WHAT NEEDS TO BE DONE:
For the data below, retype word for word the lines from the one containing "Blessing of the backpacks" through the one containing "U.S. Army Lt."; drop the pictures.

INPUT RECORDS:
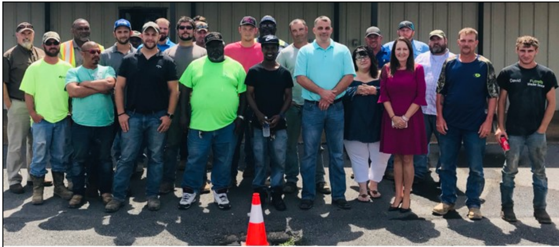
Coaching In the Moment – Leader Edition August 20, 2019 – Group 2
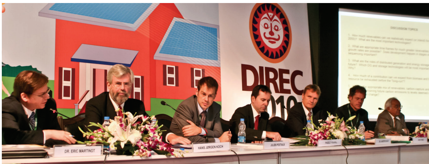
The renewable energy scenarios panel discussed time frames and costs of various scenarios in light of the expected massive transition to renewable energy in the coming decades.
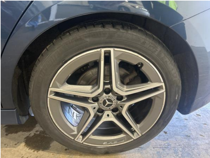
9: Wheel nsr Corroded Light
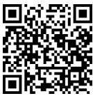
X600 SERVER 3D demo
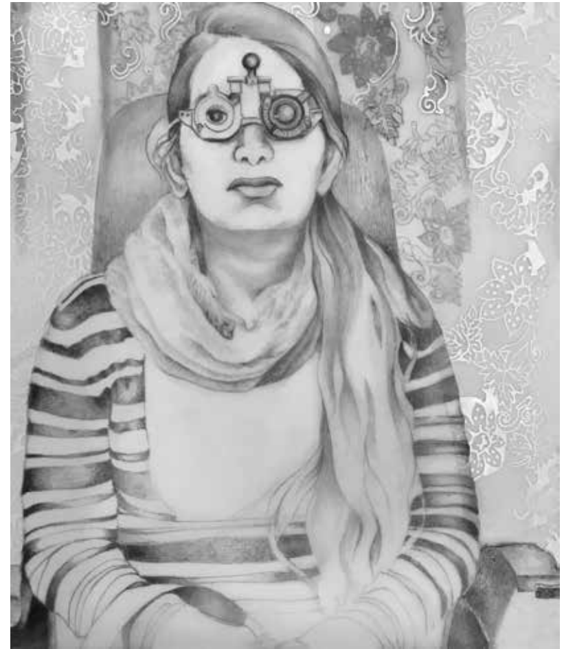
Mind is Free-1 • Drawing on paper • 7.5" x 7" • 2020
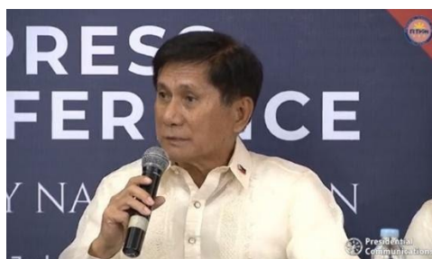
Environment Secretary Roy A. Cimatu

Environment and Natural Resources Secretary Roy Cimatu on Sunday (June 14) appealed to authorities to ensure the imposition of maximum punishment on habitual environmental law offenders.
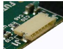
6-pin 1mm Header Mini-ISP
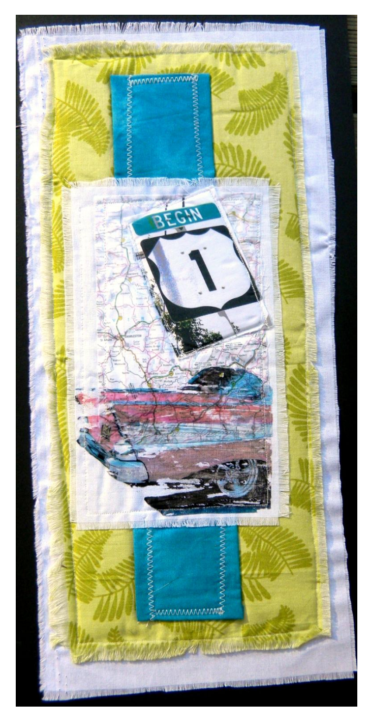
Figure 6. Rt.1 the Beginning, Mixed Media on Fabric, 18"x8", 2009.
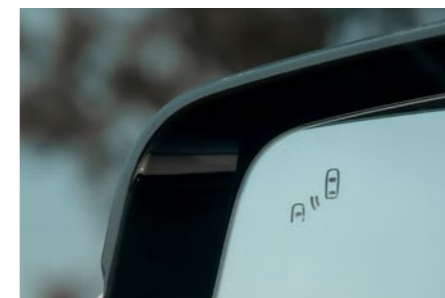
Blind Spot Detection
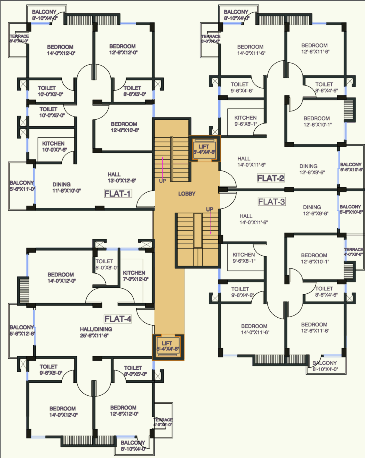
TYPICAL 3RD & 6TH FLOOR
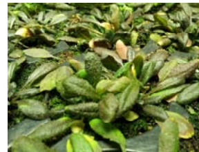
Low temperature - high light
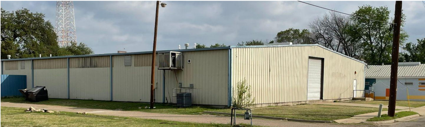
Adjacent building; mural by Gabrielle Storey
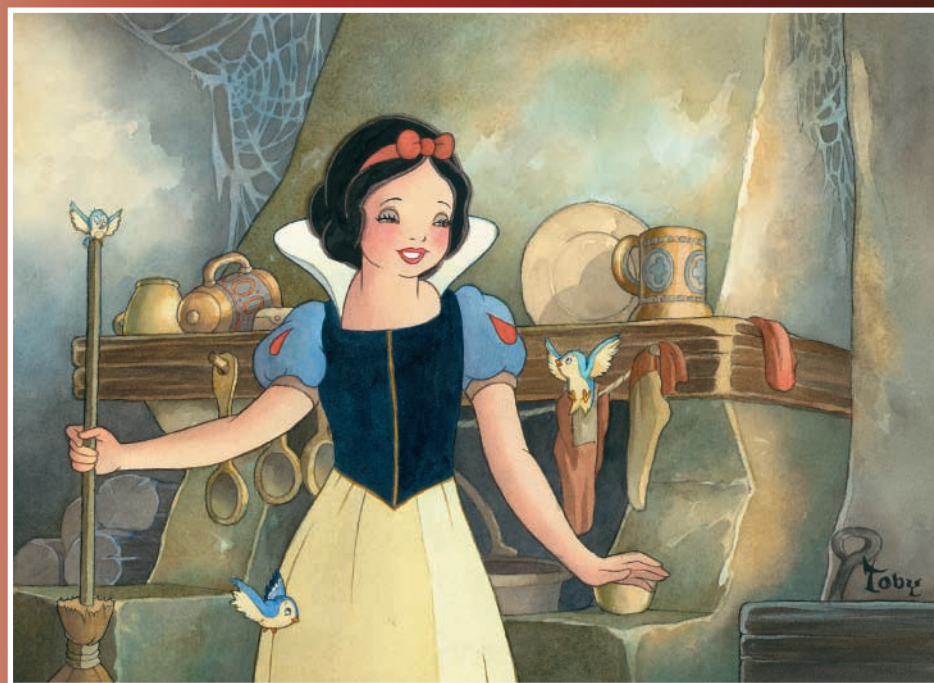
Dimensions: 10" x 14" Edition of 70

* * *

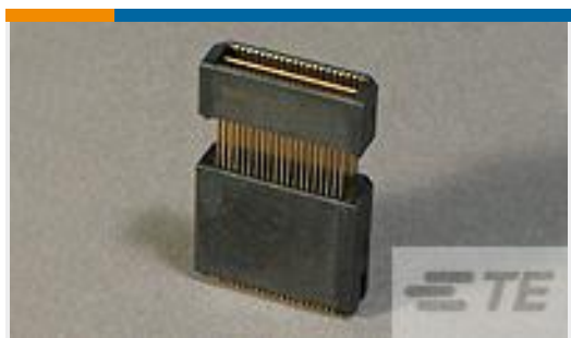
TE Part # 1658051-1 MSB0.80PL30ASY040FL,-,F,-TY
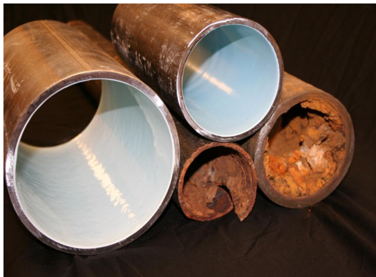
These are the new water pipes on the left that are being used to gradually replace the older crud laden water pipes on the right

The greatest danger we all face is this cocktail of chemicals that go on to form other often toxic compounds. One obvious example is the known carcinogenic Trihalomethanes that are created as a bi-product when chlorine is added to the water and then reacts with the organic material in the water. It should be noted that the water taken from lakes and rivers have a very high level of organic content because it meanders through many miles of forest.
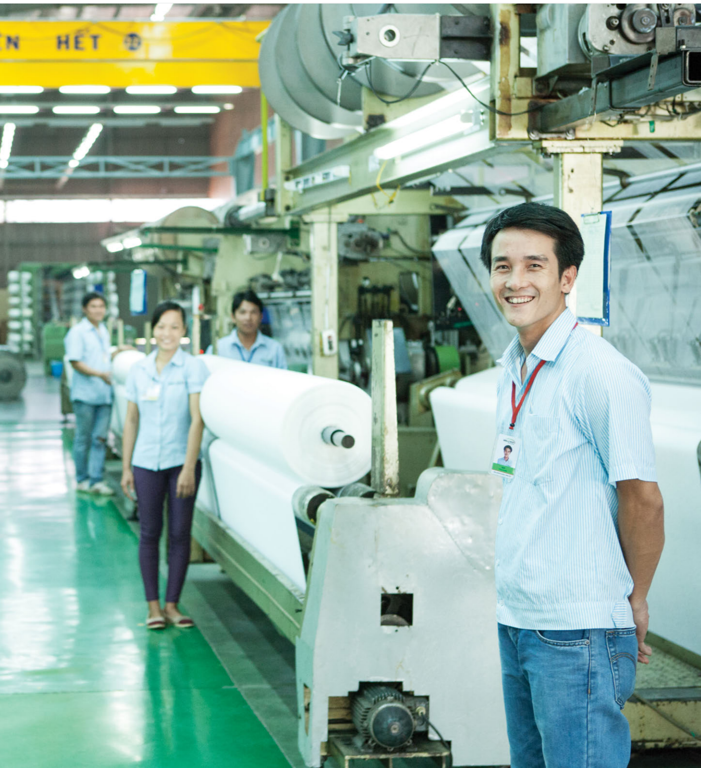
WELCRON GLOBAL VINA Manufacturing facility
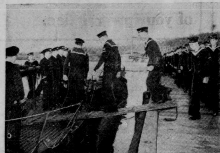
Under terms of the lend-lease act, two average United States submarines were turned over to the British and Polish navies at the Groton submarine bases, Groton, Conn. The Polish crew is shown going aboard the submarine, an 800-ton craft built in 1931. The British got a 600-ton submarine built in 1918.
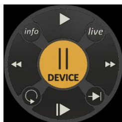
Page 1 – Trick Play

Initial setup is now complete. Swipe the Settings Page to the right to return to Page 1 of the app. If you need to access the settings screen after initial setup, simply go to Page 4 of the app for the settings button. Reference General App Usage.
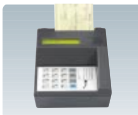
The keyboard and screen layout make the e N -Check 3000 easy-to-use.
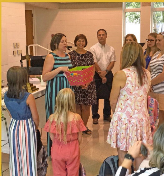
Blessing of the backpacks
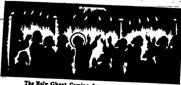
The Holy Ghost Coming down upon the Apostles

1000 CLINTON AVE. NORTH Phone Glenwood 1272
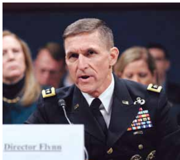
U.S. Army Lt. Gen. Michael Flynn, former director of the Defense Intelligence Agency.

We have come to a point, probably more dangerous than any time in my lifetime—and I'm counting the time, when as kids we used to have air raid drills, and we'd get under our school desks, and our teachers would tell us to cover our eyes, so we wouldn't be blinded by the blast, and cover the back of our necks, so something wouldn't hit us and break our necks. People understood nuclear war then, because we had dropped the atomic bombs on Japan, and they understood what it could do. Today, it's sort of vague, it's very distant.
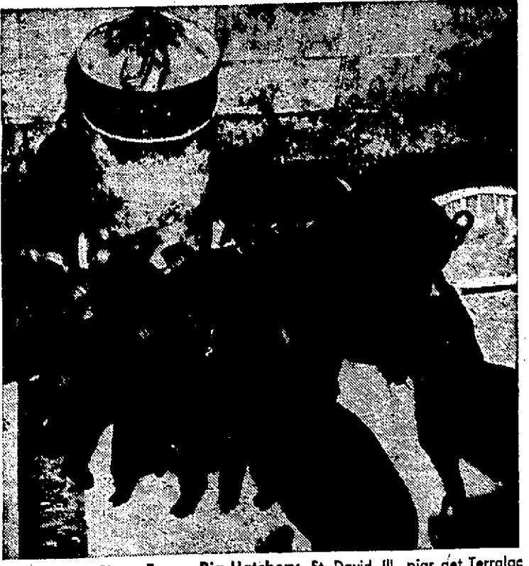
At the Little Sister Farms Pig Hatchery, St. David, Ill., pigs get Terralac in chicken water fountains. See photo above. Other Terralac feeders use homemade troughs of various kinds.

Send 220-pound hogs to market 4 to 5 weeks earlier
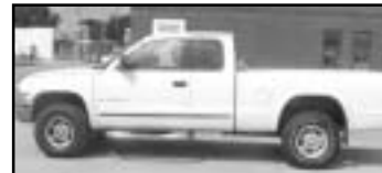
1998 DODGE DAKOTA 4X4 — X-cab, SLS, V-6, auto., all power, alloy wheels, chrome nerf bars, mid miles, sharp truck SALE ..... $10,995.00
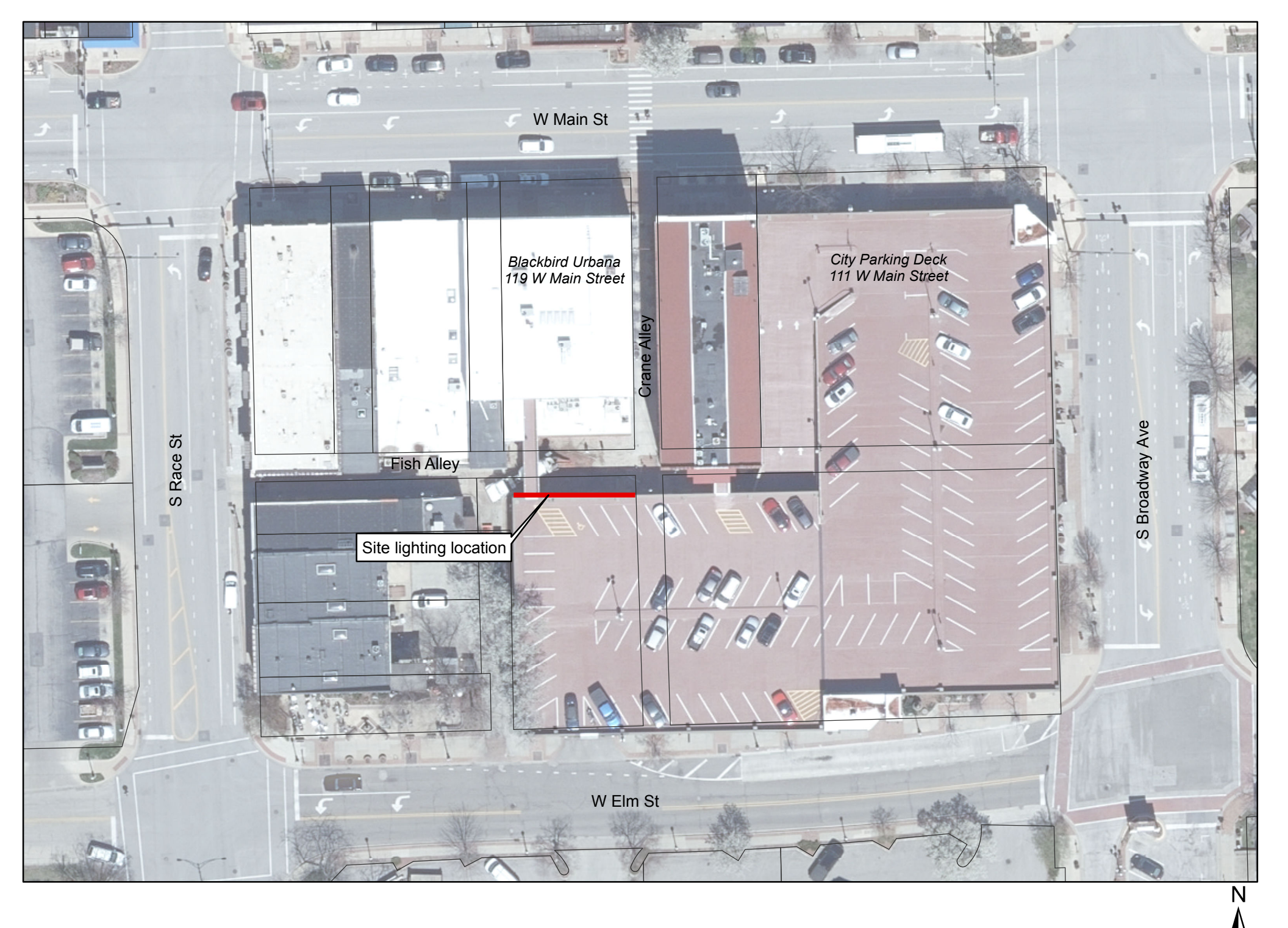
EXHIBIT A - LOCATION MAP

---

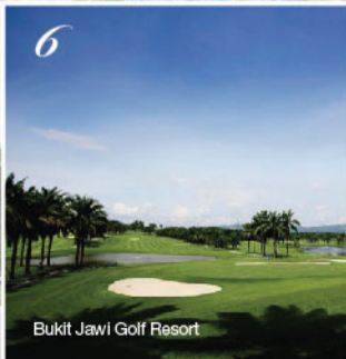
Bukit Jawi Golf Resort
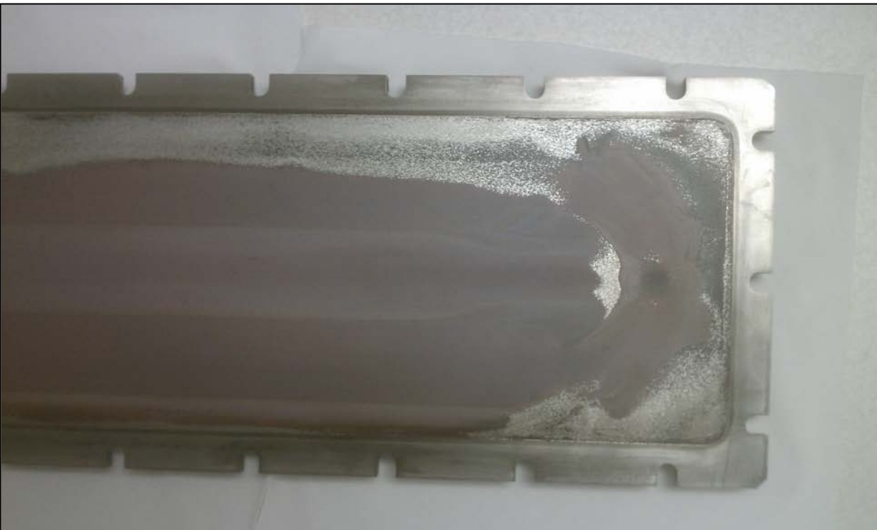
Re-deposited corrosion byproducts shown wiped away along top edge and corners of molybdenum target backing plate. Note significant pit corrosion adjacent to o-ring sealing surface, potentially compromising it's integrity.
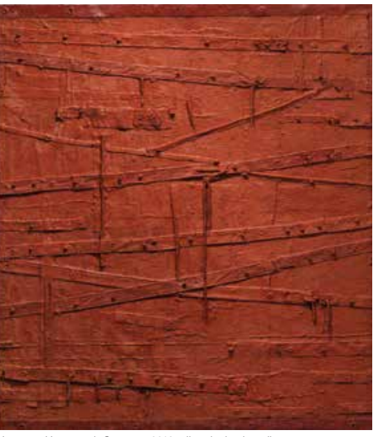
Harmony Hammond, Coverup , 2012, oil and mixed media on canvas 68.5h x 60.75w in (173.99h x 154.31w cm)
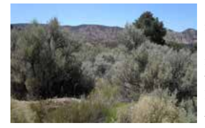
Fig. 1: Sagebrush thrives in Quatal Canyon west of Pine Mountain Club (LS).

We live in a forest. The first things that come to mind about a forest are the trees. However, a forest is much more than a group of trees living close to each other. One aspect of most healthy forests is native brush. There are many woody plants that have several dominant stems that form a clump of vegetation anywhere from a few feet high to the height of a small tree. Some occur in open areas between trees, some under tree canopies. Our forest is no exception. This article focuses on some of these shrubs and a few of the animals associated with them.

ANSWER TO THE PROBLEM:
Blessing of the backpacks
The Holy Ghost Coming down upon the Apostles

1000 CLINTON AVE. NORTH Phone Glenwood 1272
U.S. Army Lt. Gen. Michael Flynn, former director of the Defense Intelligence Agency.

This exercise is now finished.